Companies in high-technology industry companies, such as software, semiconductor, and electronics manufacturers share an intractable challenge; understanding and managing risks and opportunities with transfer pricing rules and regulations worldwide.
This serves as a catalyst for executive-level discussion and enterprise improvement. The reason for transfer pricing risk management includes remediation and sustainability to create improvements in the corporate taxation structure.
Globalization often helps high-tech companies view cross-country boundaries as irrelevant. Most taxing authorities zealously guard their respective tax base, as new transfer pricing legislation and rules indicate. Authorities find value in significant revenue opportunities high-technology companies present, and routinely move assets between jurisdictions.
Transfer pricing, legislation and rules are in place globally. Most practitioners usually move assets between jurisdictions in the normal course of adding value for different products. Adherence to compliance requirements heightens interest and the need for awareness of multinational companies and their rules.
A complex subject fraught with real-time constraints, transfer pricing often needs comprehensive discussion at many levels, especially in the boardroom. International taxation laws need a focus on C-suite capabilities. They often neglect such major issues at their own peril.
Organizations usually operate in a reactive fashion, and grapple with a colossal amount of documentation. Business environments have transformed rapidly, especially after the 2008 economic recession and the consequent worldwide debacle. Most transfer pricing operates on an “arms-length” principle.
In simple words, this indicates that the amount charged by one party to another for a given product should be the same as if the parties were not related.

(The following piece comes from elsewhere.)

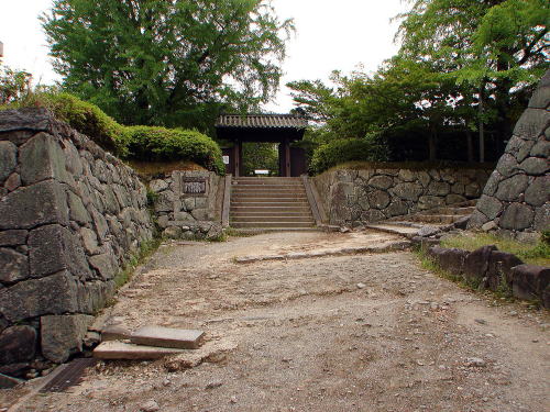 ![]() ▲助左衛門御門跡(表ニノ門) 左側の石垣には遠見櫓、右側の石垣には鐘ノ櫓が建っていた。二ノ丸から本丸下段に通じる御門。 |

When speed-to-market, cost containment, convergence, and economics form part and parcel of the global agenda, executives have to strategically enhance business value.
Building Transfer Pricing
External stakeholders often require transparency. Investment regulation is largely to protect interests. Most business is unclear about transfer pricing transactions, especially in intangible property, research and development processes, and intercompany service ideas,such as various kinds of head-office as well as different kinds of engineering activity.
Globally consistent practices based on OECD(Organization for Economic Co-Operation and Development) guidelines are still lacking. However, China is ahead of most countries in enforcing transfer management processes.

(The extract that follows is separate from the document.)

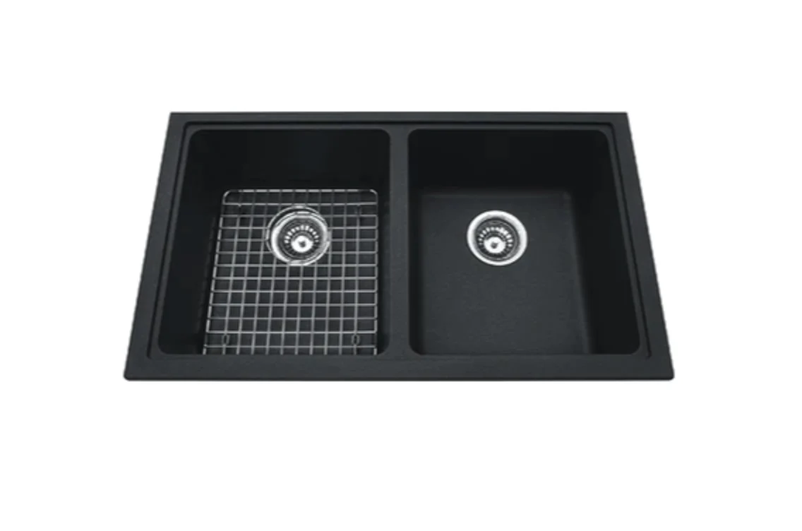 Model KGD1U-8ON is a double (two equal size) bowl undermount sink, cast from colour Granite composite. Sink is backed with a lifetime warranty.

Complexity is no longer a barrier as transfer pricing analysis has to yield a story which is reasonable, credible, rational, and consistent for a taxing authority which seeks justification for an organization’s cross-border transactions.
Identifying A Value Proposition
Only thorough functional and economic analyses can identify value drivers, risks and company asset location. When companies provide a legitimate story to authorities, along with solid documentation, then the organization can feel reasonably comfortable that its tax needs are being adequately taken care of.
The company’s auditors are also certain that transfer pricing documentation, along with policy and procedures, can streamline effective coordination. Some of the key questions senior management needs to answer include; where the intellectual property is located, does the organization have written policies, intercompany contracts, and transfer pricing structures.
Globally, firms have clearly demarcated transfer pricing structures, and an interaction with taxation regimes of local areas (e.g. customs, VAT, withholding). Most companies have to create a story that is rational, reasonable, compelling, and consistent. Although platitudes are mouthed often, be crystal-clear in what the authorities need to know.
Most vendors, auditing firms, and organizations manufacture their own version of the truth. Despite an established structure in place around the world, there are numerous scams. This clearly underlines the need for creating a comprehensive, complete program.